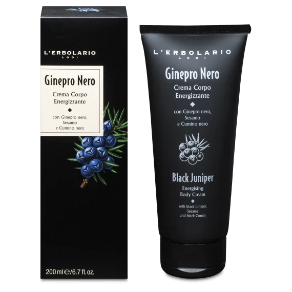 Estratto di Ginepro nero, acqua distillata di Ginepro nero, idrolizzato di Sesamo nero, oli di Cumino nero e di Girasole biologico, burri di Cacao e Cocco, vitamina E dai semi della Soja, insaponificabile dell’olio di Oliva, Carbone vegetale
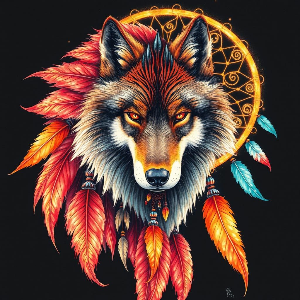 Vibrant watercolor pencil illustration of a majestic Native American Dreamcatcher embodied as a powerful wolf, adorned with fiery, swirling patterns and feathers, set against a rich, velvety black background. Mit feurigen farben, the Dreamcatcher's web glows with an ethereal, golden light, as if infused ...
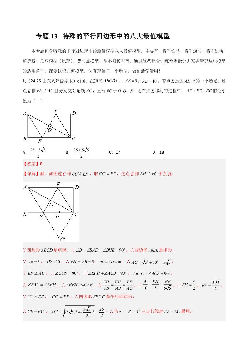 专题13 特殊的平行四边形中的八大最值模型(几何模型讲义)(教师版)
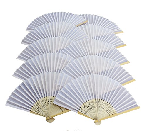 IGBBLOVE Silk Folding Fan Wedding Party Favor fan- 10 pack (White)
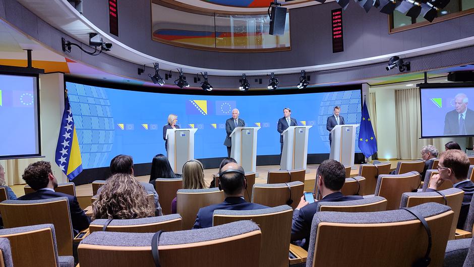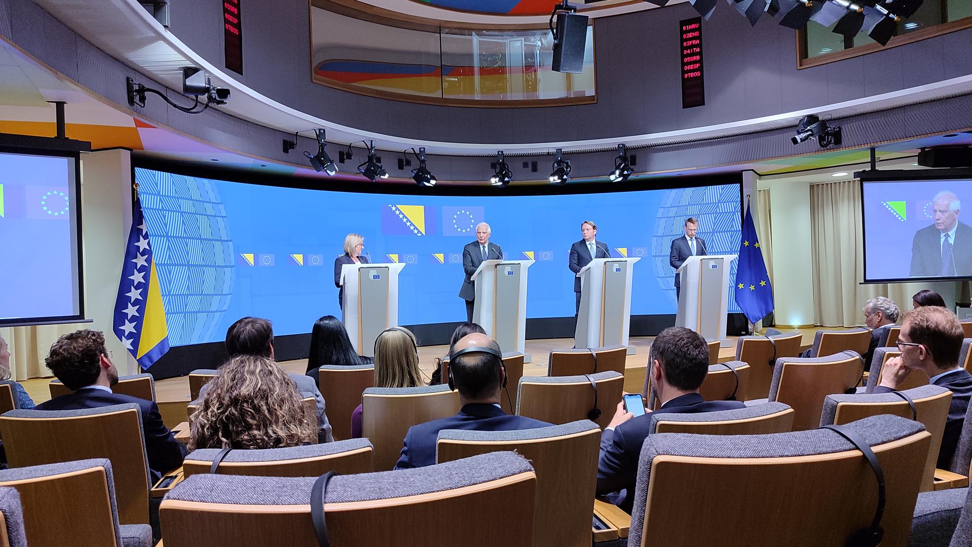 Predsjedateljica Vijeća ministara BiH Borjana Krišto zahvalila se Europskoj uniji na potpori Bosne i Hercegovine ističući kako je pred zemljom ispunjavanje 14 uvjeta kako bi otvorila pregovore s EU. Izrazila je očekivanje da bi zemlja krajem godine mogla otvoriti pregovore s EU.
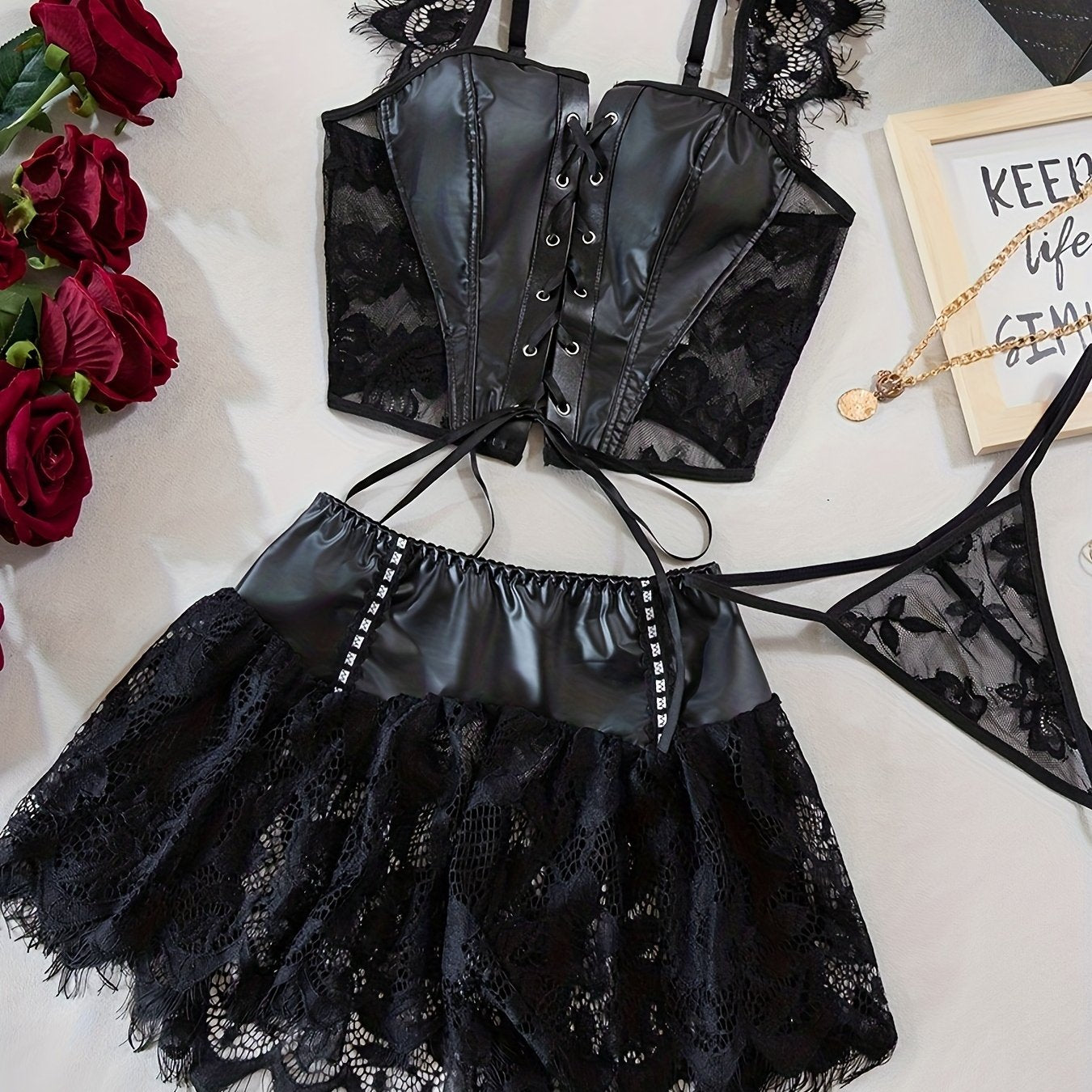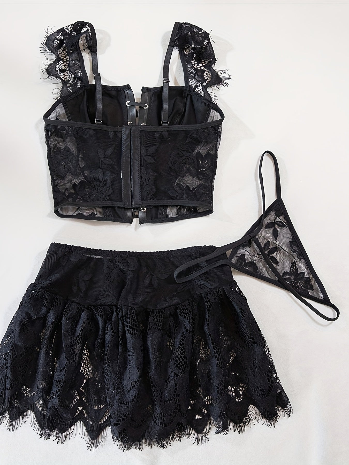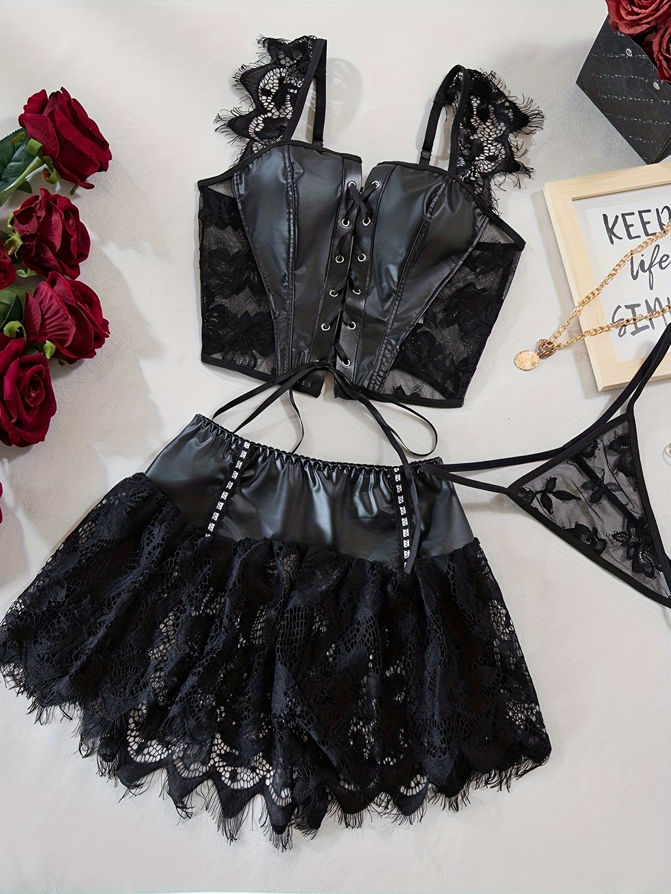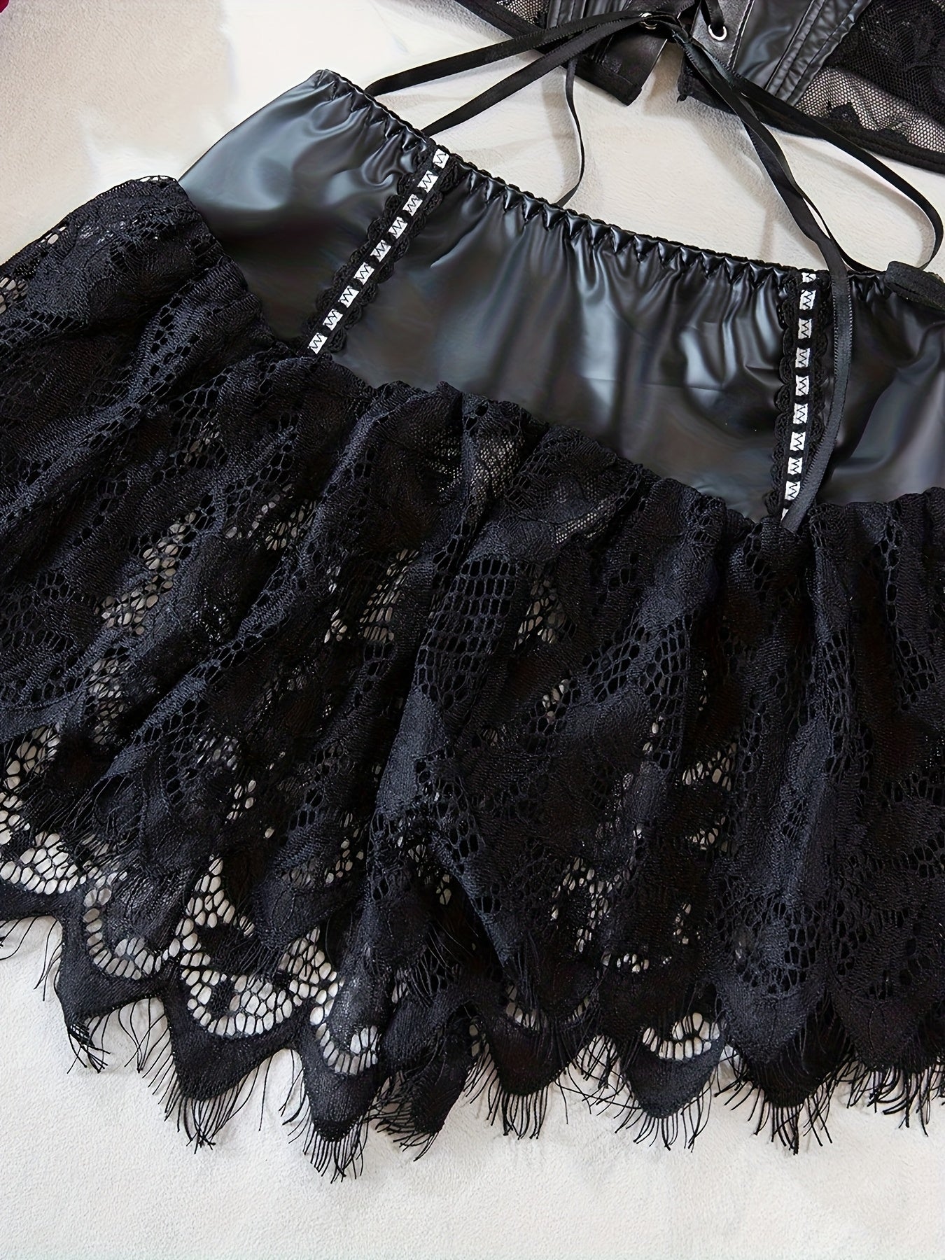 استمتع بالأناقة والجاذبية مع هذا الفستان الميني المميز. يتميز بتفاصيل الدانتيل المتباين وحمالات سباجيتي، مما يمنحه مظهراً أنيقاً وجذاباً.

• _WHAT IS EXPECTED_:
The answer consists solely of the lines from the one holding "Predsjedateljica Vijeća ministara" through the final line of the records, both ends included, each duplicated exactly. Leave images out.

• _PROBLEM SOLUTION_:
 Predsjedateljica Vijeća ministara BiH Borjana Krišto zahvalila se Europskoj uniji na potpori Bosne i Hercegovine ističući kako je pred zemljom ispunjavanje 14 uvjeta kako bi otvorila pregovore s EU. Izrazila je očekivanje da bi zemlja krajem godine mogla otvoriti pregovore s EU.
 استمتع بالأناقة والجاذبية مع هذا الفستان الميني المميز. يتميز بتفاصيل الدانتيل المتباين وحمالات سباجيتي، مما يمنحه مظهراً أنيقاً وجذاباً.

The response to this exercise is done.